Claude Nerrand, les Malbête et moi…
Mon Reuilly à moi. Rolland Hénault est un gars du cru. Mais cela ne constitue pas pour lui une règle de base, l’axiome avec un grand A, une loi universelle fondamentale pour estimer supérieure la race de ses congénères berrichons. Et, dans ce Reuilly qu’il connaît si bien, sur ce sol rouge et blanc, la réalité de Marius Jacob orchestrée par l’office du tourisme local a de quoi agacer et ne sied guère à celui qui, en 1995, fit L’éloge du plouc et qui, quatre ans plus tard, vanta les Saveurs de la terre. Le co-fondateur du magazine La Bouinotte a vivement réagi, en rubrique commentaire, à notre article sur la possibilité d’un musée Jacob à Reuilly. Nous lui avons proposé de nous conter son Jacob et son patelin, ses amis et les autres. Rolland Hénault est en pleine forme !
Claude Nerrand, les Malbête et moi…
Rolland Hénault
04 août 2010
Je ne sais pas trop à quelle année remonte ma connaissance de Marius Jacob. Mais j’ai eu vent de son existence parce qu’il a fréquenté, très peu, le marché d’Issoudun. Et j’ai un souvenir visuel de cette période : le fameux « barnum ». Les marchands ambulants formaient, vers 1950, un milieu anarchisant, avec la famille Champault, les Briselance, et, à Issoudun, il y avait également Pierre Valentin Berthier, journaliste à la Marseillaise, quotidien communiste, bien qu’il fût anarchiste, et que j’ai mieux connu ensuite, à l’Union Pacifiste, puis au Libertaire, de Maurice Laisant. En 1991, Claude Confortès avait organisé à Issoudun, à l’occasion du centenaire de la mort de Rimbaud, une soirée intitulée « la fête à Arthur ». J’allais sur la scène, accompagner Pierre Valentin Berthier.
Quant à Claude Nerrand, il n’a pas connu Marius Jacob, c’est son fond de commerce, si on peut dire. Je n’ai appris son existence que dans les années 80-90. Il était connu à Reuilly pour avoir déserté le métier de Vigneron, qui était celui de son père.

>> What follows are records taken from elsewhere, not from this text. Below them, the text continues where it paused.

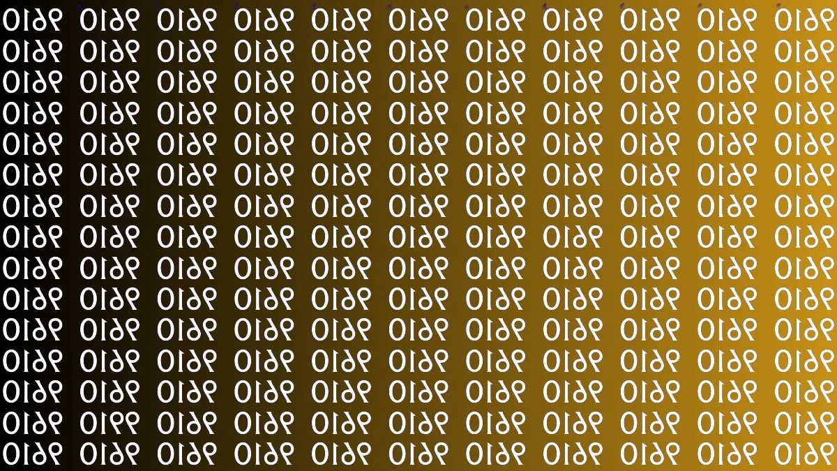 At first glance, this numerical optical illusion appears to be in an inverted repeating series of “9610”. But in this inverted repeating pattern of “9610”, there is a hidden inverted “9910” number in this numerical optical illusion brain teaser test.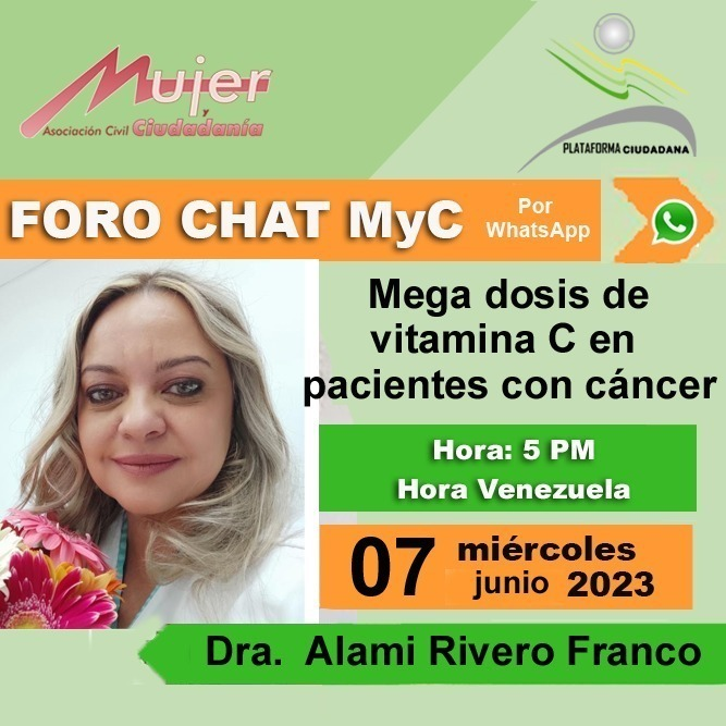 El miércoles 7 de junio, a las 5 de la tarde, la Dra. Alami Rivero Franco, se encargará de exponer sobre la conveniencia de aplicáción de dosis muy altas de vitamina C a pacientes con cáncer: ¿cuándo, cómo y por qué hacerlo?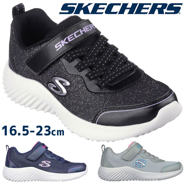送料無料 スニーカー ローカット キッズ ジュニア 女の子 FW 秋冬 新作 秋新作 冬新作 人気 流行 定番 2023 SKECHERS - 303528L スケッチャーズ 子供靴 バウンダー ガーリー グルーヴ ブラック グレー ネイビー ベルクロ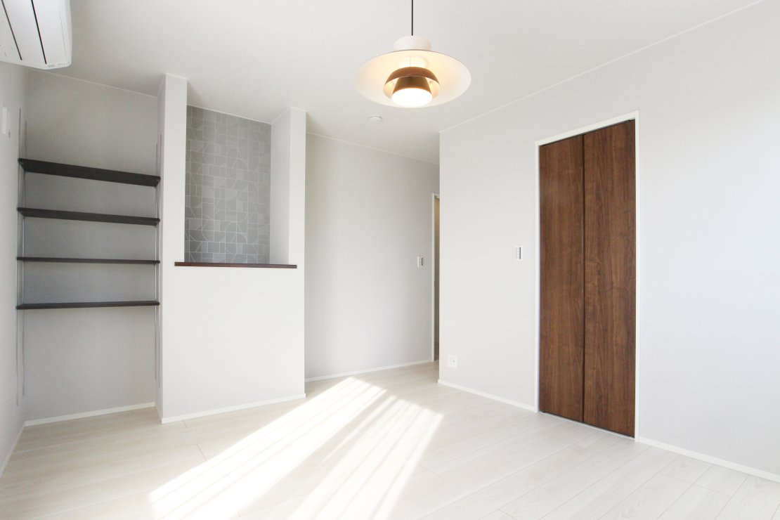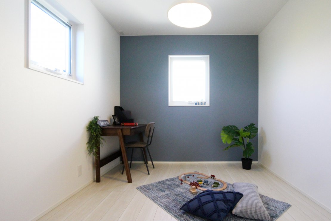 スモーキーなブルーのアクセントクロスと小窓が印象的な洋室2はお子様のお部屋にもぴったりです。
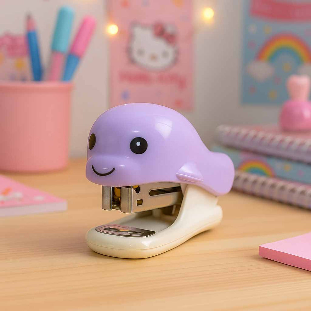 Transforme sua papelaria com um toque de criatividade usando este mini grampeador em formato de golfinho! Com um visual encantador, ele é perfeito para quem busca funcionalidade sem abrir mão do estilo. Seja na escola, no escritório ou em casa, ele torna o dia a dia mais leve e divertido. Compacto e fácil de carregar, está disponível em cores sortidas como: verde, lilás e rosa. Acompanha um estojo com grampos tamanho 26/6, pronto para o uso. Um item versátil e cheio de personalidade, ideal também como presente criativo.

Engagé volontaire, il a réussi à échapper à toutes les guerres. Ce qu’il raconte aux journalistes relève de la pure fantaisie. Par exemple, c’est à Rochefort que se situe l’épisode du vol dans la maison de Pierre Loti, pas à Paris. Et les dernières années de la vie de Marius, il n’a pas pu les vivre, il était planqué quelque part, apparemment loin des projectiles. Ce qu’il fait bien, c’est « l’Office de Tourisme », et encore, au début, il n’aimait pas du tout Jacob. Il le haïssait. Il le boycottait. Je n’ai donc aucune considération pour ce Claude Nerrand, qui raconte tout et n’importe quoi, sur le « marché noir » qu’aurait fait Marius par exemple. J’ai cru, à tort, qu’il avait fait partie de la municipalité de Jean Pierre Berlot, un communiste sympathique, mort récemment et remplacé par Patrick Henri Bertrand, plutôt socialiste et tout aussi sympathique.
Claude Nerrand n’a jamais été conseiller municipal ni avec JP Berlot, ni avec P Bertrand !
Bon, saluons Claude Nerrand et tirons la chasse d’eau !
Maintenant, Marius Jacob. C’est surtout le livre interview de Sergent qui a révélé aux Reuillois l’étonnant parcours de leur compatriote. Ils ont éprouvé, immédiatement, du respect et même de l’admiration pour ce solitaire qui n’avait guère qu’un ami : Le père Malbête, comme il dit, en parlant du grand père de Guy Malbête, vigneron émérite du Bois Saint Denis.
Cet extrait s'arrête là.